▶ Work to be completed:
Once the pictures are set aside, copy the data below exactly as it stands.

▶ Recorded information:
+ + + + +

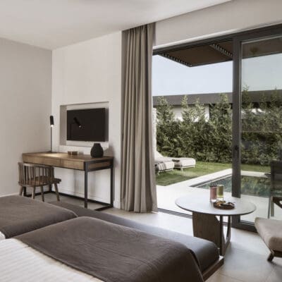 Welkom bij The Olivar Suites, een rustig toevluchtsoord op het betoverende Corfu, direct aan het strand en op slechts 200 meter van het schilderachtige Messonghi. Het hotel biedt een mooi zwembad met uitzicht op de glinsterende zee, waar je een verfrissende duik kan nemen. In het restaurant kun je genieten van diverse gerechten, van lokale lekkernijen tot internationale favorieten. The Olivar Suites biedt ook fitnessfaciliteiten voor diegenen die hun actieve levensstijl willen behouden tijdens hun vakantie. De accommodaties, prachtige suites, bieden een comfortabel toevluchtsoord na een dag vol ontdekkingen of ontspanning. Of je nu de smalle straatjes van Messonghi wilt verkennen, wilt ontspannen bij het zwembad of je handdoekje wilt uitrollen op het strand, The Olivar Suites biedt de perfecte uitvalsbasis voor een aangenaam verblijf op het Griekse eiland Corfu.
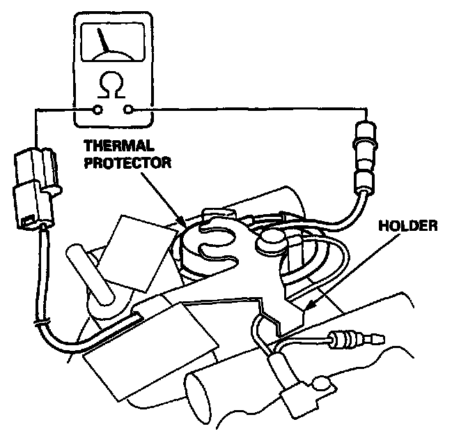 - Release the field coil connector from the holder, then disconnect it. Check the thermal protector for continuity. If there is no continuity, replace the thermal protector.
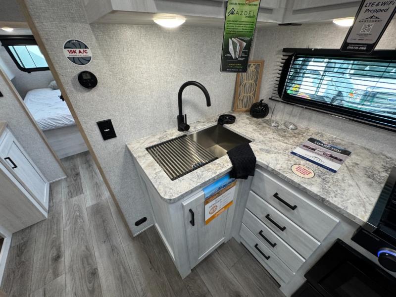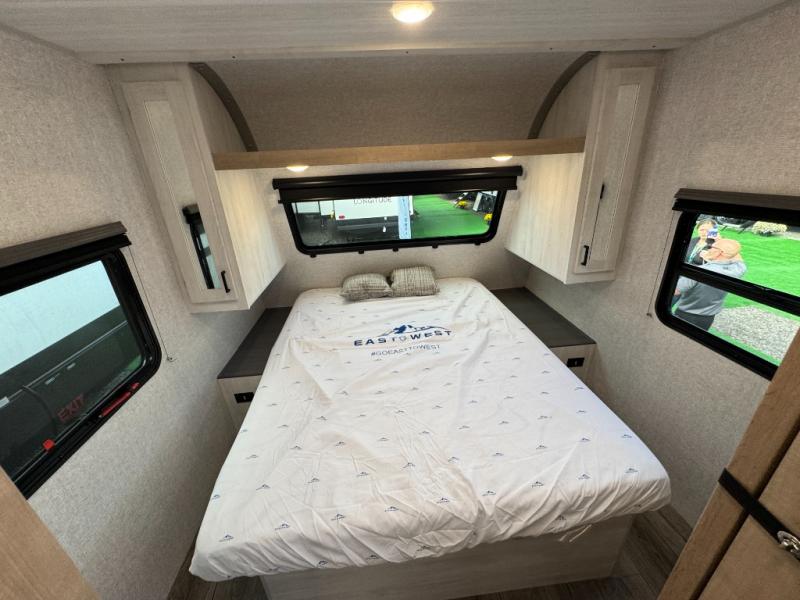 Each one of these EAST TO WEST Longitude travel trailers blends modern amenities with quality construction! They have a 5" vacuum bonded crowned roof, 2" sidewalls with fully laminated side boxes and endwalls, and Azdel both on the inside and outside of the sidewalls to protect you from the elements. The enclosed and heated underbelly extends the life of your unit, and the insulated forced air heated floors will keep your feet nice and warm. A universal docking station, a high output on-demand tankless water heater, and an amplified TV antenna with Wi-Fi prep makes life at the campground easier. You can rinse your feet or bikes off with the outside shower that comes with hot and cold water. The diamond plate front rock guard will hold up through all of your great adventures. Come find the one that suits you best!

+ + + + +

▶ Solution to the exercise:
 Welkom bij The Olivar Suites, een rustig toevluchtsoord op het betoverende Corfu, direct aan het strand en op slechts 200 meter van het schilderachtige Messonghi. Het hotel biedt een mooi zwembad met uitzicht op de glinsterende zee, waar je een verfrissende duik kan nemen. In het restaurant kun je genieten van diverse gerechten, van lokale lekkernijen tot internationale favorieten. The Olivar Suites biedt ook fitnessfaciliteiten voor diegenen die hun actieve levensstijl willen behouden tijdens hun vakantie. De accommodaties, prachtige suites, bieden een comfortabel toevluchtsoord na een dag vol ontdekkingen of ontspanning. Of je nu de smalle straatjes van Messonghi wilt verkennen, wilt ontspannen bij het zwembad of je handdoekje wilt uitrollen op het strand, The Olivar Suites biedt de perfecte uitvalsbasis voor een aangenaam verblijf op het Griekse eiland Corfu.
 - Release the field coil connector from the holder, then disconnect it. Check the thermal protector for continuity. If there is no continuity, replace the thermal protector.
 Each one of these EAST TO WEST Longitude travel trailers blends modern amenities with quality construction! They have a 5" vacuum bonded crowned roof, 2" sidewalls with fully laminated side boxes and endwalls, and Azdel both on the inside and outside of the sidewalls to protect you from the elements. The enclosed and heated underbelly extends the life of your unit, and the insulated forced air heated floors will keep your feet nice and warm. A universal docking station, a high output on-demand tankless water heater, and an amplified TV antenna with Wi-Fi prep makes life at the campground easier. You can rinse your feet or bikes off with the outside shower that comes with hot and cold water. The diamond plate front rock guard will hold up through all of your great adventures. Come find the one that suits you best!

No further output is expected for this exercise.